Fresh Favas with Bacon & Almonds

Inspired by the bounty found at the Ferry Market in San Francisco, this savory bean spread with local olive oil, balsamic, almonds and lemon was a rare treat for this Northeast locavore.  The raves it garnered at our Saturday night dinner party suggests that it was a treat for some San Franciscans as well. The combination of flavors (fresh green beans, smoky bacon, bitter almonds, tart & brigh lemon) and textures (crisp on the outside, creamy on the inside fried fava beans, chewy bacon, crunchy nuts) made for a wonderfully complex taste; a savory, umami flavor brightened with lemon and balsamic vinegar that was hard to resist. Don’t be intimidated by the double-shuck; search out some fresh favas at your local market and make this one today!


Fresh Favas with Bacon & Almonds


  • 2 lbs fresh fava beans, in the pod
  • 1/2 lb good quality bacon
  • 1/2 of a small red onion, cut to 1/4-inch dice
  • 2 cloves garlic, minced
  • 2 – 3 tbsp olive oil
  • 1 tsp lemon zest, finely minced
  • 1 tbsp lemon juice
  • 1 tbsp balsamic vinegar (I used white balsamic)
  • 1 cup almonds, toasted and coarsely chopped
  • salt and freshly ground black pepper to taste
  • dash or two of cayenne pepper


  1. Bring a large pot of salted water to boil. Meanwhile, shuck the fava beans from their pods by breaking one end of each pod and peeling the string down the center of the pod.  Split the pod down the middle and slide out the beans.  Boil the fava beans until you can see the capsule around the bright green beans start to crack, about 3 – 5 minutes.  Drain and plunge into an ice bath to stop the cooking.  Peel the capsule off of each bean, and pat the favas in a clean kitchen towel to dry.
  2. Cook the bacon in a large saute pan over medium heat unti fat is rendered and bacon is crisp. Drain bacon on paper towels, pouring the bacon grease through a fine sieve into a small bowl.  Lightly wipe the skillet with a paper towel (to remove any blackened bits of bacon). Once cooled, crumble the bacon into bite-sized pieces.
  3. Return bacon grease to the skillet and heat over medium-high heat until shimmering, but not smoking. Add fava beans and fry, stirring occasionally, until beans begin to turn golden and are crispy on the outside, about 10 minutes. Scoop out with a slotted spoon, drain on paper towels and sprinkle with salt and pepper to taste.  Transfer beans to a medium bowl.
  4. Pour off all bacon grease except 1 – 2 tbsp.  Add onions and garlic and saute over medium heat until softened and beginning to brown, about 8 minutes.  Add to favas.  Add remaining ingredients, mix well, taste and adjust seasonings.  Serve warm or at room temperature with crusty baguette slices or crostini.

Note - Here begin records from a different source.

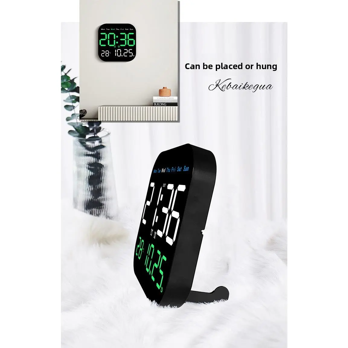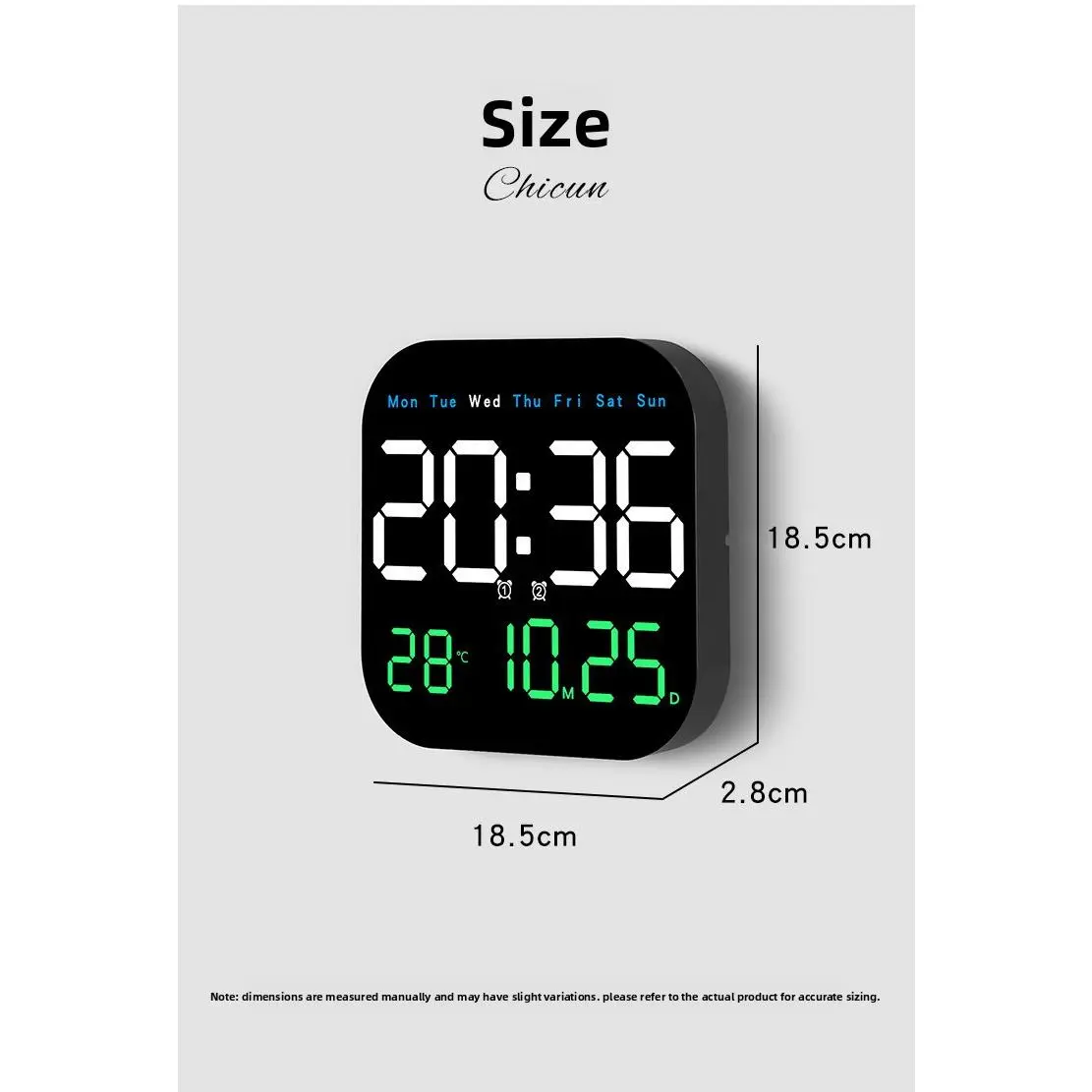 Elevate your home decor with this modern wall clock. It features a large display showing time, temperature, date, and weekday. Perfect for living rooms and bedrooms, it's battery-operated and easy to hang or place on a table. The clock includes an adjustable brightness setting and an alarm timer. Stay organized with its clear, digital readout.
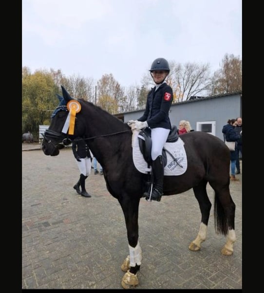 Zum Verkauf steht unser wunderschöner 6-jähriger Ponywallach mit dem Spitznamen Jürgen. Er ist bereits siegreich in Dressurreiter-A und E-Springen mit einer 11 jährigen Reiterin. Außerdem ist er Dressurpferde-A gegen Großpferde platziert. Jürgen ist ein absolut kopfklares und nervenstarkes Pony, welches für jeden Spaß zu haben ist. Aufgrund seines Alters ist er noch nicht als komplettes Kinderpony geeignet, sollte aber mit ein wenig Unterstützung kein Problem sein. Er ist absolut Schmiede-und Verladefromm, kann alleine und zu zweit transportiert werden und bleibt auch alleine auf dem Anhänger. Er ist sehr robust und geht bei uns bei Wind und Wetter mit seinem Ponykumpel raus. Wir wünschen uns daher ein absolutes Traum-Zuhause für ihn. Er wird nur verkauft, da wir noch 2 andere Pferde haben und ihm zeitlich nicht mehr gerecht werden. Kein Notverkauf! Er stammt ab von Coer Noble x Can Dance. Für dieses Jahr mit 1,48 mit Eisen eingemessen. Läuft aktuell aber auch barfuß.
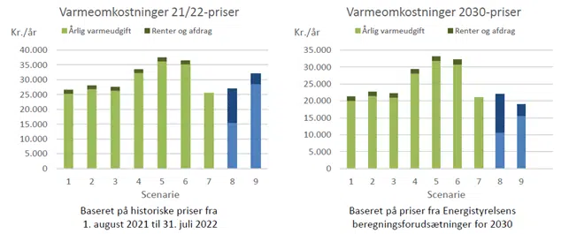 De fælles varmeløsninger er sammenholdt med de individuelle varmeløsninger, som vurderes at være de mest oplagte alternativer. Bemærk, at der for varmepumpen er forudsat en fremløbstemperatur på 55 °C. For fjernvarmeløsninger er der ikke taget stilling til takststruktur og tilslutningsomkostninger. Omkostninger til ledningsanlæg og produktionsanlæg er forudsat at være fælles og finansieret via KommuneKredit. Der er anvendt en rente på 2,5 % p.a. for lån til kollektive løsninger og 4,5 % på lån til individuelle løsninger. I beregningerne er der anvendt en løbetid svarende til forventet levetid, dog højst 30 år.

  1. If your bacon does not render enough fat, add some olive oil to the pan to just cover the fava beans for frying.
  2. I think shallots would be a great substitute for the onion (I didn’t have any on hand).
  3. While it would be a different taste, I’d be interested to try this with dried favas as well. 
  4. It’s hard to suggest a vegetarian version here; the bacon is pretty key to the flavor.  You could try frying in olive oil and adding smoked paprika to the spices; if you try a baconless option, please share in comments!


Refrigerated for up to 5 days.


Fresh fava beans are in season in Spring: May in the Bay Area and and June in the Northeast.


  1. You can use them in this recipe; just thaw, pat dry, then fry in the bacon grease and follow the recipe from that point. Frozen favas are the fresh green bean, already shucked.

  2. I’m a vegetarian who likes heat … so when I read this recipe, I thought of frying the favas in olive oil with dried chipotle chiles to get a smoky, spicy flavor. Don’t know if that will work (not sure how it will go with the lemon and balsamic), but I’m willing to try it. The fava beans growing in my front yard in the SF Bay Area are about ready to pick (like you say). Thanks so much for sending this idea.

  3. Gloria,

    Sounds fabulous to me, but then I’ll never argue about chipotle. 🙂 You could also try smoked paprika which has a distinctly bacony flavor. Let me know how it turns out!